Отец Пимен насупился — с таким лицом он обыкновенно ходил по супермаркету, приглядываясь к ценам. Я искоса глянул в чемодан и увидел рядом с панагиями ценники: 200, 300, 350, 500.
— Не волнуйтесь, батюшка, цены в долларах, а не евро, — пояснил продавец святынь.
Мне вдруг расхотелось говорить с отцом Пименом, да и вообще видеть его.
— Отец Пимен, извините, я позвонить выйду, — сказав это, я выскочил из машины и почти побежал в сторону метро.
Было чувство, словно меня осмеяли. По пути домой я проклинал себя: как я мог поверить, что эти пройдохи в рясах могут мне в чем-то помочь? безумец! — от кого я ждал чудес? «Смиренный игумен Пафнутий руку приложил», — вспомнилось мне в вагоне метро, и я рассмеялся. Да уж, приложил.

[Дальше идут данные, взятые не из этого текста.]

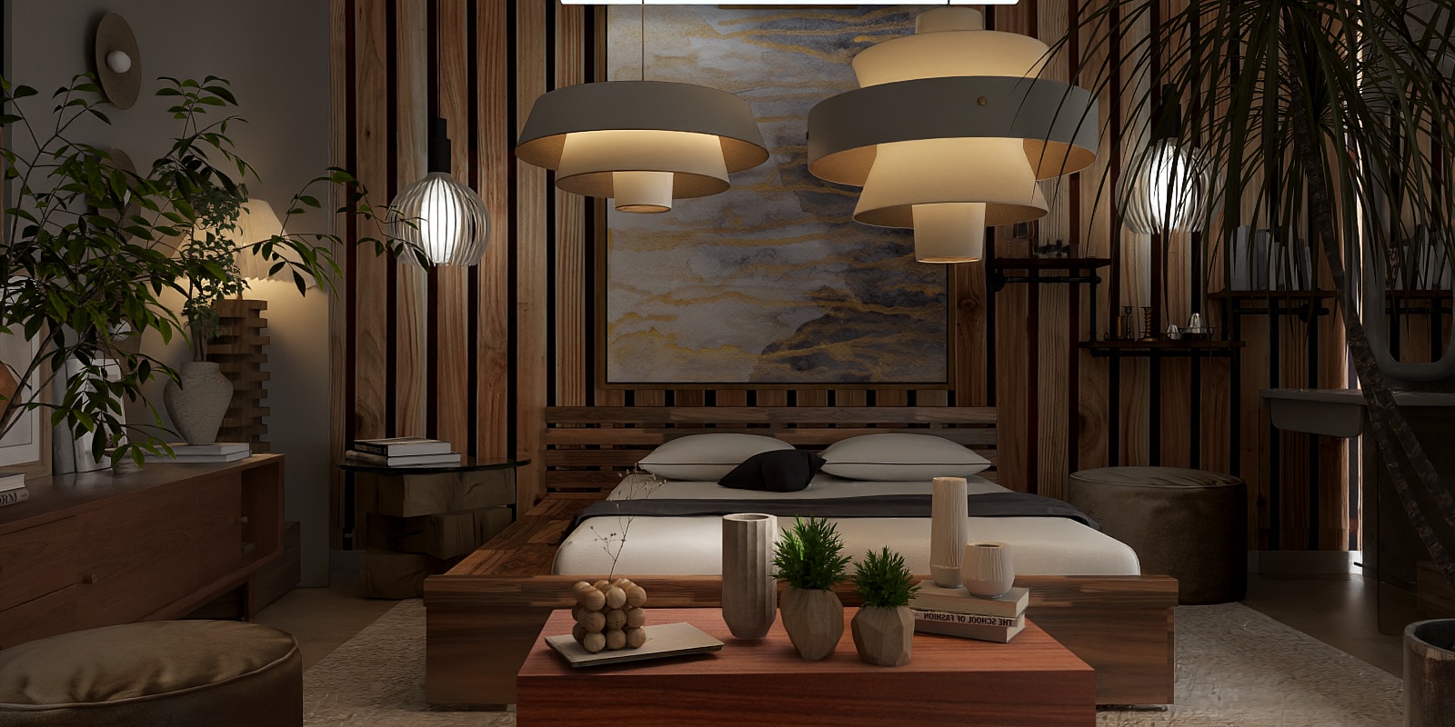 Inspired by mid-century modern design, this wooden sideboard blends natural warmth with clean lines. Its smooth, polished surface and rich walnut tones create a tactile, grounded feel, complemented by soft lighting and framed art. Ideal for minimalist or Scandinavian living rooms, it pairs beautifully with neutral walls and potted greenery, while spacious drawers and open shelves offer practical storage, balancing utility with a serene, curated look.
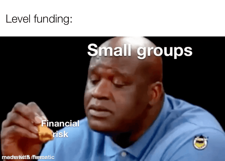 The ideological question on small group insurance - Level-funding is not legal in some states. The reason is because it enables employers with “healthier” pools to get underwritten at a lower rate, and then they exit the regular small group insurance market. If all the healthy small groups leave, that means the remaining small employers will have more costly employees, and it’ll become untenably expensive.
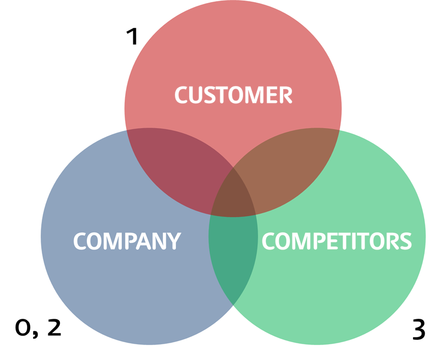 후광효과가 없는 중소기의 경우에는 company 측면에서 먼저 시작해야 하는 이유로 가치 추종자 (Me-too)로서는 생존 못하기 때문이며 따라서 가치의 주창자가 되기 위해 자기(company) 관점의 선택과 집중에서 시작할 필요가 있다.

Дома я свалился от усталости и проснулся только на следующее утро. Кошмаров больше не было.
* * *
…С дорогой мне повезло — был выходной — в будни московский трафик напоминает еле ползущий конвейер консервного завода. И дело не в том, что я торопился — просто я уже несколько лет не сидел за рулем, к тому же никогда не ездил по многополосным столичным шоссе, так что в плотном потоке наверняка бы с кем-нибудь «поцеловался». Застрять посреди дороги на чужой машине без документов не входило в мои планы даже в самой их пессимистичной редакции.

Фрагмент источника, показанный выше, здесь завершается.